#### DATASET EXTRACT ####

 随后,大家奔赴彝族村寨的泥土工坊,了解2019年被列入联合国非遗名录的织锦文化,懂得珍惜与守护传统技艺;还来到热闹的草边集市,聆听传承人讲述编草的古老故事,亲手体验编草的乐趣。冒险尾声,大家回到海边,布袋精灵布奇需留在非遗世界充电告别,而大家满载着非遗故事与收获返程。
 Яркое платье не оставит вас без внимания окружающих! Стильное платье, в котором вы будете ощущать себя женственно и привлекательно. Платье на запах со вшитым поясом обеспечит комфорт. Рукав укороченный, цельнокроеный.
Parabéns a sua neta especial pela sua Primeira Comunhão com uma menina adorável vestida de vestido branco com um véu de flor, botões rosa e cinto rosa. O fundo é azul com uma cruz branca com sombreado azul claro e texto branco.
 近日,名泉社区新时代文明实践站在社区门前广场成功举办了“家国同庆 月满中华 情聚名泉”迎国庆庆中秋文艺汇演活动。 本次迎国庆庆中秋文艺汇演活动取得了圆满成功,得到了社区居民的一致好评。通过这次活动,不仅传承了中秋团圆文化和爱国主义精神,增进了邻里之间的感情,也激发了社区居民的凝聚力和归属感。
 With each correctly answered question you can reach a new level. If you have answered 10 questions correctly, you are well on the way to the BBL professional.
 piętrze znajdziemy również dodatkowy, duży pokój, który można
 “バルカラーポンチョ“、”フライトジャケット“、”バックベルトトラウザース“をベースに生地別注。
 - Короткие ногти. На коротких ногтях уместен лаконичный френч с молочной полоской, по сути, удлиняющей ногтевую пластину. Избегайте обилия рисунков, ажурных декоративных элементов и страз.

####
#### DATASET EXTRACT ####

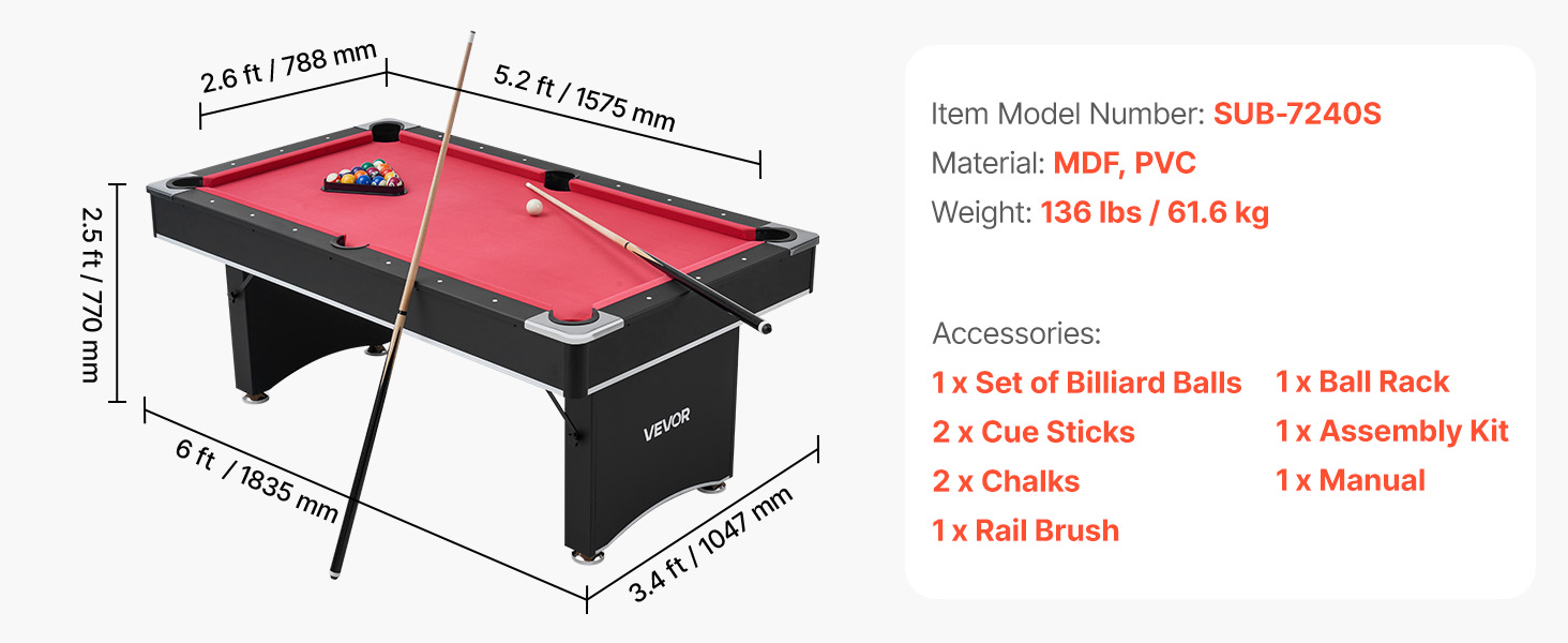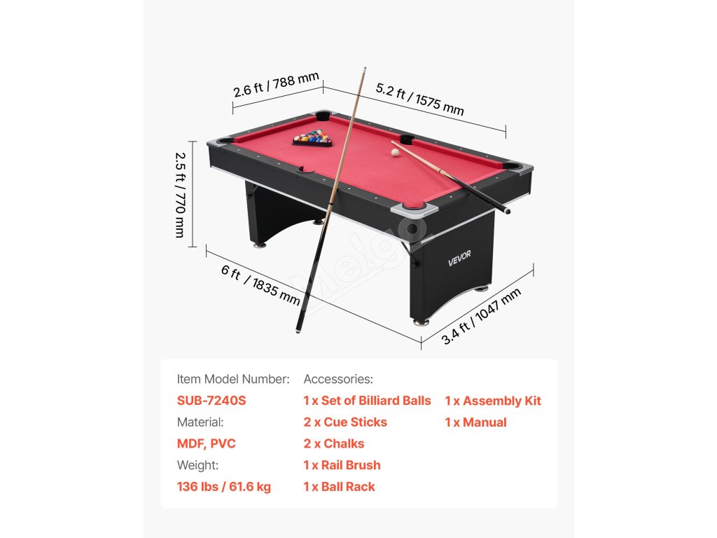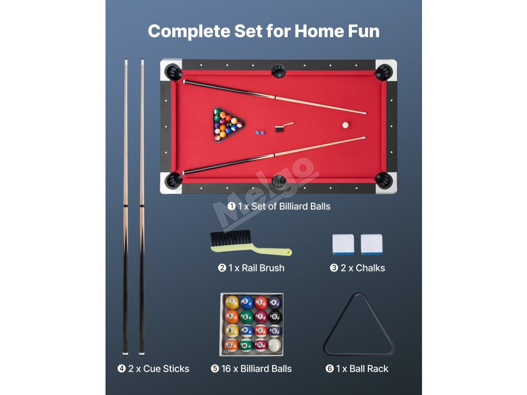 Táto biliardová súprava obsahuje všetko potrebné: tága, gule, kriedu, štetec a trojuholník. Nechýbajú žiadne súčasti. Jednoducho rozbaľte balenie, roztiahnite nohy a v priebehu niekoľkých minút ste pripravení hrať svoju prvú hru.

####
#### DATASET EXTRACT ####

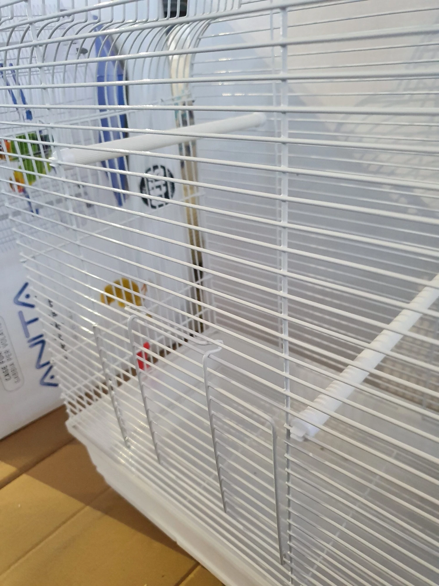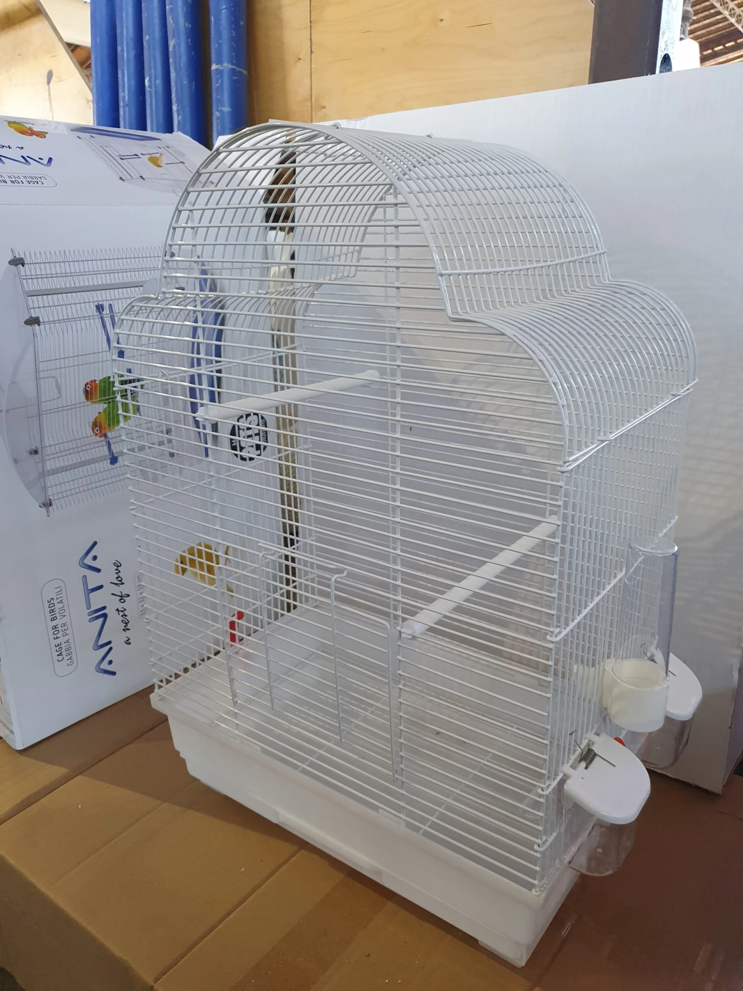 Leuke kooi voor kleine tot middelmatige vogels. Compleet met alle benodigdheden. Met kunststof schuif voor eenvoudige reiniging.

####

### [TASK OBJECTIVE]
From the data above, return every line from the line that has "Parabéns a sua" up to and including the line that has "- Короткие ногти.", exactly.

### [EXPECTED OUTPUT]
Parabéns a sua neta especial pela sua Primeira Comunhão com uma menina adorável vestida de vestido branco com um véu de flor, botões rosa e cinto rosa. O fundo é azul com uma cruz branca com sombreado azul claro e texto branco.
 近日,名泉社区新时代文明实践站在社区门前广场成功举办了“家国同庆 月满中华 情聚名泉”迎国庆庆中秋文艺汇演活动。 本次迎国庆庆中秋文艺汇演活动取得了圆满成功,得到了社区居民的一致好评。通过这次活动,不仅传承了中秋团圆文化和爱国主义精神,增进了邻里之间的感情,也激发了社区居民的凝聚力和归属感。
 With each correctly answered question you can reach a new level. If you have answered 10 questions correctly, you are well on the way to the BBL professional.
 piętrze znajdziemy również dodatkowy, duży pokój, który można
 “バルカラーポンチョ“、”フライトジャケット“、”バックベルトトラウザース“をベースに生地別注。
 - Короткие ногти. На коротких ногтях уместен лаконичный френч с молочной полоской, по сути, удлиняющей ногтевую пластину. Избегайте обилия рисунков, ажурных декоративных элементов и страз.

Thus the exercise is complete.